DESCRIPTION OF THE TASK: Print word for word whatever lies between the first line of the material and the line holding "This fun, colourful, and", both included, and omit all pictures.

INFORMATION SUPPLIED:

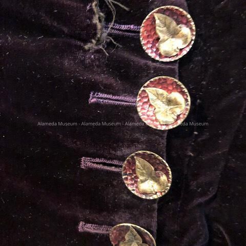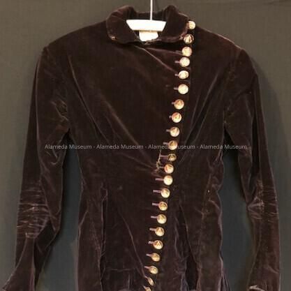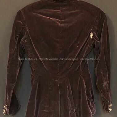 History of Object: Wine colored velvet jacket which was worn by Miss. Bertha May, later to be the wife of Henry H. Meyers, noted resident Alameda architect.
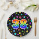 This fun, colourful, and cheerful paper plate design features a large number "38" coloured with a rainbow spectrum gradient inspired pattern. The background features a colourful pattern of star shapes. Fun paper plates like this might be used at somebody’s thirty eighth birthday party, or a couple’s thirty eighth anniversary celebration, or some other thirty eighth event. [~Z0000493]
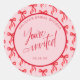 "Estás invitado" sellos para sobres de ducha de novia personalizados con el arco rojo rosado. Un patrón de arco rojo completo y un guión escrito a mano elegante. Simplemente personaliza la plantilla con el título del evento y la fecha. Es posible que necesite utilizar la Herramienta de edición para ajustar la curva del texto. © Kimbellished, LLC
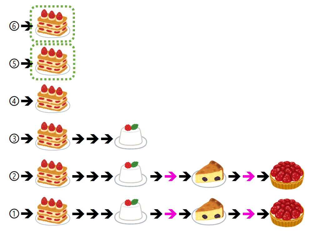 同じケーキを連続で食べるのは嫌だ!という問題です。
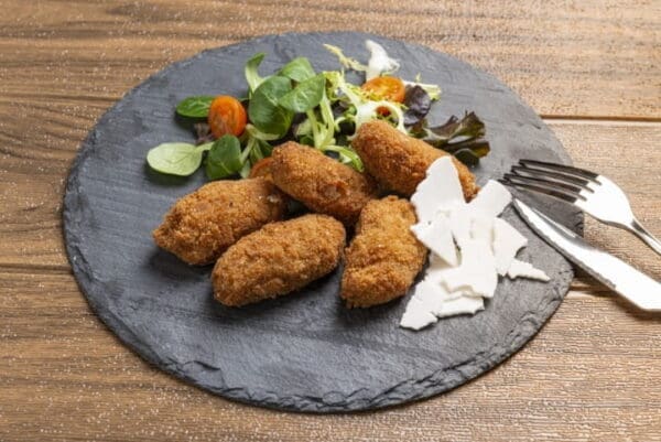 Lista de ingredientes: Bebida de soja, soja texturizada, preparado alimenticio sabor blue (margarina*(coco y girasol), almidón, agua, aromatizantes, sal y antiaglomerante (almidón de maíz)), aromas, aceite de oliva, harina de trigo, cebolla, preparado de harinas (harina de trigo, harina de arroz, acidulante E-334, gasificante E-500ii, colorante (E-160b)), pan rallado de trigo, agua, almidón de maíz, sal, azúcar, ajo, nuez moscada , romero.

RESPONSE TO THE EXERCISE:
 History of Object: Wine colored velvet jacket which was worn by Miss. Bertha May, later to be the wife of Henry H. Meyers, noted resident Alameda architect.
 This fun, colourful, and cheerful paper plate design features a large number "38" coloured with a rainbow spectrum gradient inspired pattern. The background features a colourful pattern of star shapes. Fun paper plates like this might be used at somebody’s thirty eighth birthday party, or a couple’s thirty eighth anniversary celebration, or some other thirty eighth event. [~Z0000493]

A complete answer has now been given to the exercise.